Martinsos / edlib

Lightweight, super fast C/C++ (& Python) library for sequence alignment using edit (Levenshtein) distance.
http://martinsos.github.io/edlib
MIT License
492 stars 162 forks source link

Choosing longest or shortest alignment #213

Open brendanf opened 1 year ago

brendanf commented 1 year ago

I am testing edlib for the purpose of calculating pairwise identites between sequences, using the BLAST/USEARCH definition of sequence identity; i.e. $\text{id} = \frac{\text{edit distance}}{\text{alignment length}}$. One difficulty I am finding is that there can be multiple alignments which have the same edit distance, but different lengths, even in the fully global case, because it may be possible to trade, e.g., 2 mismatches for 1 insertion and 1 deletion. This means that the pairwise identity is not uniquely defined. Is there any way for edlib to give me a maximally long and/or maximally short CIGAR, or even just calculate what the maximum and minimum lengths are?
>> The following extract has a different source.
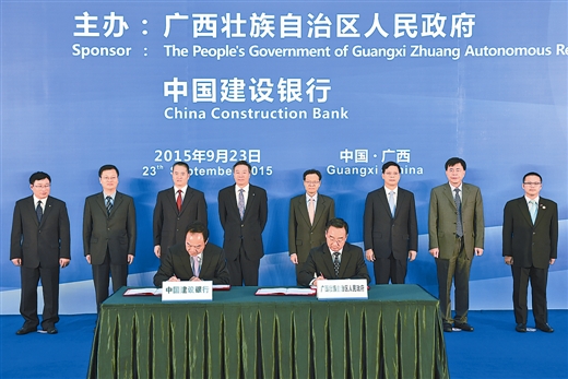 在簽約會上,廣西自治區黨委常委、自治區常務副主席唐仁健,中國建設銀行副行長餘靜波分別代表雙方簽署《戰略合作備忘錄》和《絲路主題產業發展系列基金戰略合作協議》。未來5年,建行將通過各項金融產品為廣西經濟社會發展提供融資支持3500億元;廣西與建行將聯合發起設立總規模約500億元的廣西絲路產業基金、珠江-西江產業發展基金、廣西公共基礎設施PPP產業基金和廣西左右江革命老區振興發展基金等系列產業發展基金。

If this is possible but would require some coding, I'd be willing to give it a shot if you give me some pointers.

Martinsos commented 1 year ago

@brendanf I am not 100% sure as it has been some time since I have implemented the core part of Edlib, but off the bat I would guess that is probably not easy to do. Edlib is fast because it is optimized to use edit distance as scoring mechanism, and adding any additional criteria, like for example to try and find minimal size of cigar, will almost certainly be hard to fit into that. One thing you can do is tell it to return multiple possible positions at which the alignment ends -> is that helpful? You can't make sure those are the min and max though if I am correct.

I can't give much better answer right now without spending significant amount of time on figure this all out. If you are intersted, there is a link to an article for Edlib that I wrote, that explains inner workings in detail, so that could shine some light on your question also.